30 September 2024 to 3 October 2024
Toulouse, France
Europe/Paris timezone

Learning how to design biomolecules using a neuro-symbolic architecture

1 Oct 2024, 14:50
35m
Le Village, Auditorium (Toulouse, France)

Le Village, Auditorium

Toulouse, France

31 Allées Jules Guesde, 31000 TOULOUSE
Oral presentation

Speaker

Thomas Schiex (Université fédérale de Toulouse, ANITI, INRAE)

Description

Designing requires to mix physical knowledge, experience accumulated from past designs and constraints defining design objectives.
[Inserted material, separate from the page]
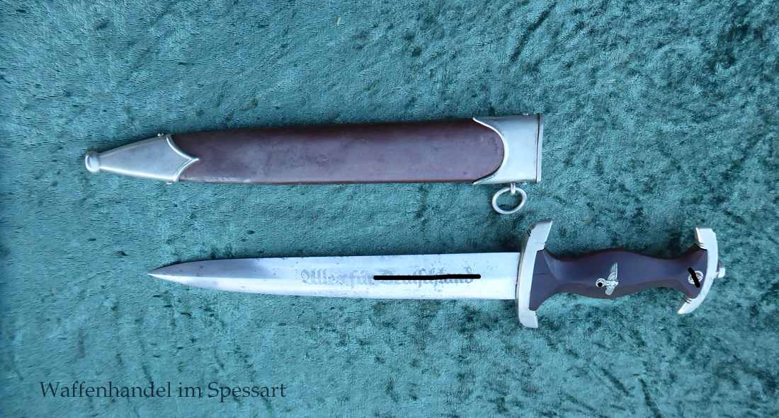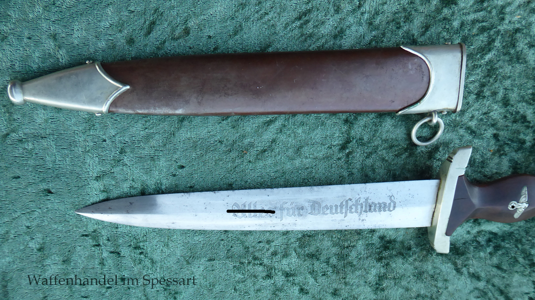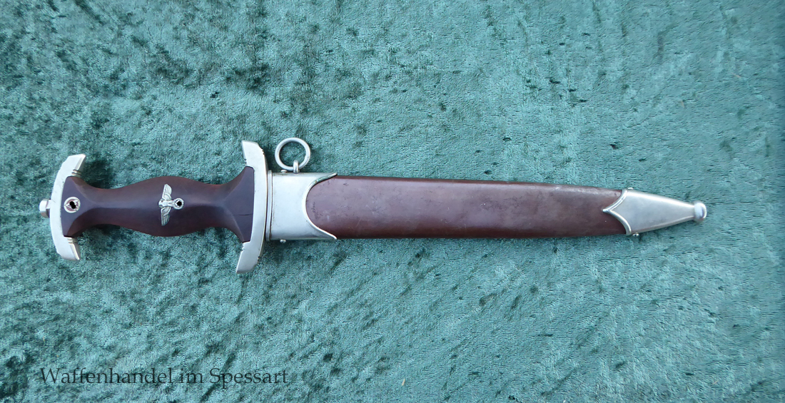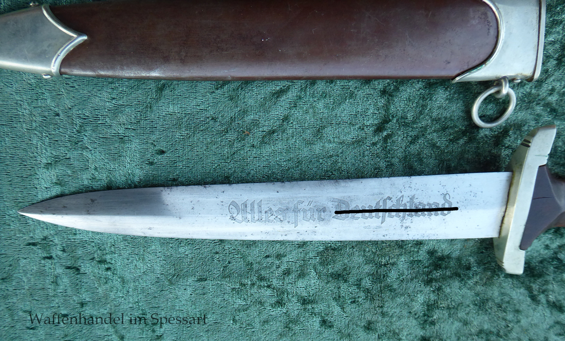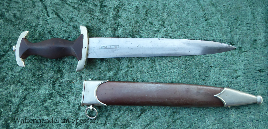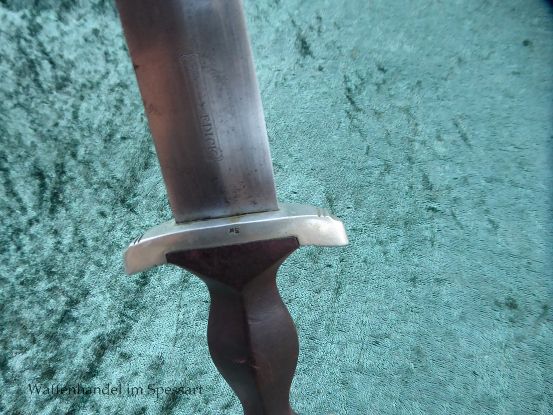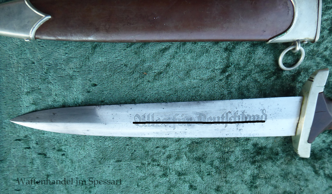 Hersteller F. Dick. Gaustempel SW für Gau Südwest auf der Parierstange geschlagen. Die Griff- und Scheidenbeschläge sind aus Neusilber. Der Adler ist in Neusilberausführung. Die orig. Bräunierung auf der Scheide ist sehr gut erhalten und zum größten Teil noch mit dem orig. Schutzlack überzogen. Die Klinge ist geätzter Devise Alles für Deutschland. Sehr gut erhaltene Klinge mit Spuren von Heraus- und Hineinschieben. Sehr gut erhaltener ungereinigter Doch der in allen Teilen original zusammengehörig.

Proteins are large biomolecules that play crucial roles in all living organisms. They are linear polymers which can be described as a sequence in a 20 letter alphabet (one for each amino acid). They can therefore be represented as discrete objects. In water, most proteins fold in a 3D structure, defining continuous atomic coordinates.

To design new proteins, we introduced an hybrid architecture that combines all above elements in a joint pairwise decomposable function over amino acid identities. Physics is represented as a force field, experience is extracted by Deep Learning from Nature's designs and design objectives represented as constraints. The resulting model is then passed to an automated reasoning prover to identify the most suitable chemical composition. The same architecture can learn how to play Sudoku from examples, w/o knowing the rules.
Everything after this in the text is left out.